Selama delapan bulan terakhir, Wali Kota Sorong mengaku telah menunjukkan kerja nyata melalui penanganan banjir di sejumlah titik rawan, khususnya di wilayah Kilometer 8 hingga Kilometer 12.
“Sekarang masyarakat sudah bisa melihat apa yang kami kerjakan selama delapan bulan ini. Ini menunjukkan komitmen pemerintah kota untuk mengatasi masalah banjir. Banjir ini adalah isu kota dan kami tidak menutup mata,” ujar Wali Kota Septinus Lobat saat meninjau pekerjaan kanal di Sungai Maruni, Selasa (6/1/2026).
Ia mengatakan, masyarakat di kawasan Kilometer 8 hingga Kilometer 12 kerap menjadi korban banjir setiap musim hujan. Karena itu, penanganan banjir dijadikan sebagai program prioritas Pemerintah Kota Sorong.

Meski dihadapkan pada kondisi efisiensi anggaran tahun 2025, katanya, pemerintah tetap berupaya merealisasikan janji kepada masyarakat.
“Walaupun di tengah kondisi efisiensi anggaran, kami membuktikan bahwa kami tidak hanya bicara, tapi bekerja. Apa yang kami janjikan kepada rakyat, khususnya masyarakat Kota Sorong, kami wujudkan,” tegasnya.

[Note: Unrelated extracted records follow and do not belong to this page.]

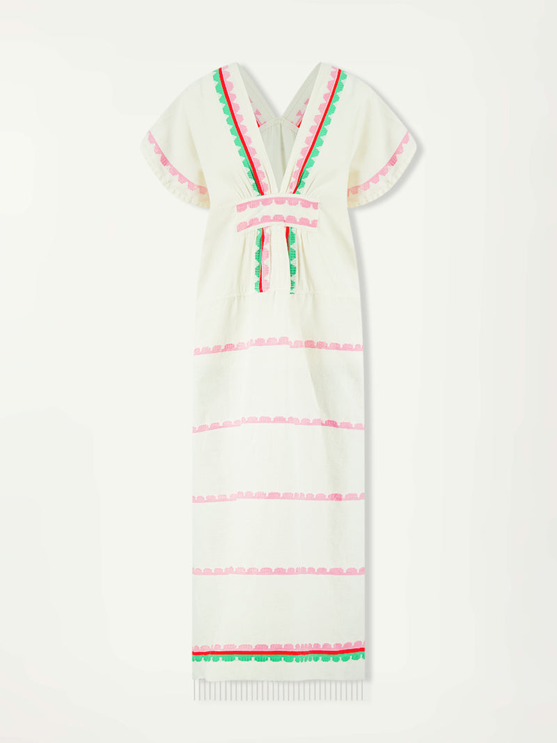 This long caftan features a deep V-neckline, relaxed sleeves, and an easy straight silhouette with high side slits.
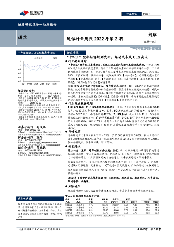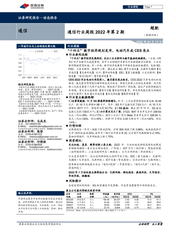 【国信证券】【20220117】通信行业周报2022年第2期:“十四五”数字经济规划发布,电动汽车成CES亮点-22页
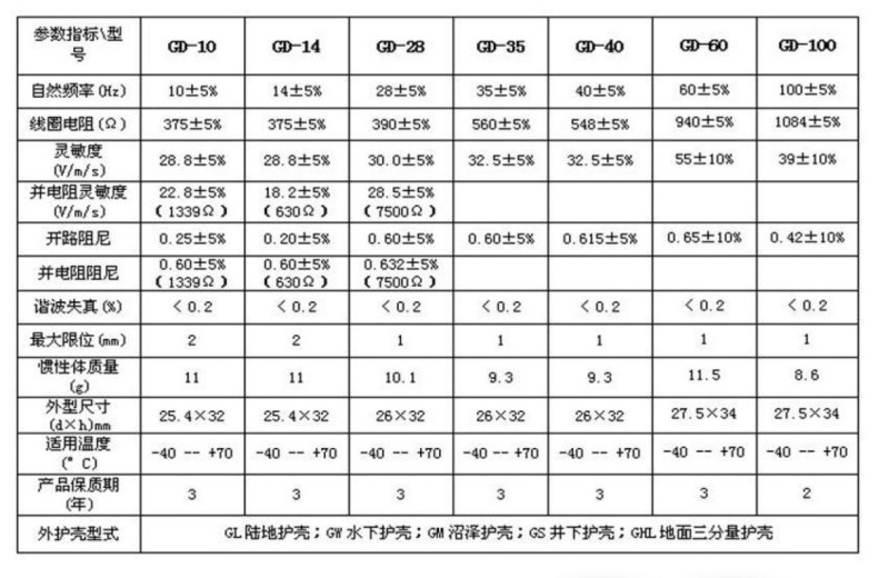 GD-XX系列常規地震檢波器
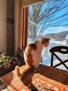 There is absolutely no landscape I like better than a snowy vista sparkling in the sun, whether I’m cozy and warm and looking out the window (as I am now) or skiing, walking or snowshoeing through winding trails with heavy snow-coated conifers, or even when I’m shoveling the driveway–as I was earlier this morning, enjoying the workout even as my partner and i struggled with our (temporarily) compromised respiratory systems to lift the heavy snow.

Salah satu langkah konkret yang telah dilakukan adalah pembukaan dan penataan Kanal Sungai Maruni, dimulai dari lampu merah Kilometer 10 dan direncanakan berlanjut hingga kawasan Hotel Kyriad. Proyek tersebut telah dianggarkan dan menjadi bagian dari upaya serius pemerintah kota dalam menata sistem drainase.
“Kami tidak main-main. Kota Sorong adalah ibu kota Provinsi Papua Barat Daya, sehingga harus ditata dengan sungguh-sungguh. Dengan kondisi keuangan yang terbatas, kami memaksimalkan anggaran yang ada agar kota ini menjadi milik bersama dan menarik bagi siapa pun yang datang,” jelasnya.

Wali Kota juga menambahkan, setelah pembangunan kanal selesai, pemerintah akan kembali melakukan evaluasi saat musim hujan untuk memastikan efektivitas penanganan banjir.
Pemerintah Kota, sambungnya, akan melibatkan konsultan guna menentukan apakah masih diperlukan intervensi lanjutan atau solusi lain di wilayah tersebut.
Selain Sungai Maruni, perhatian juga diberikan pada Sungai Klasaman yang kerap meluap dan menyebabkan banjir hingga ke depan STM dan kawasan batalion.
Menurut Wali Kota, wilayah tersebut hampir setiap tahun mengalami banjir, khususnya pada bulan Agustus.
“Itu menjadi pekerjaan rumah bagi saya dan Wakil Wali Kota, kami serius. Dengan keterbatasan dana, kami tetap menunjukkan komitmen membangun Kota Sorong,” katanya.
Ia menargetkan, sejumlah titik rawan banjir dapat diselesaikan tahun ini dan dilanjutkan kembali pada awal tahun depan. Wali Kota pun menekankan prinsip kerja pemerintahannya, yakni fokus menyelesaikan program yang sudah direncanakan.
“Kerja terus, kerja terus. Jangan bikin banyak program tapi satu pun tidak dikerjakan. Satu program, satu pekerjaan harus kita selesaikan. Itu komitmen kami,” pungkasnya.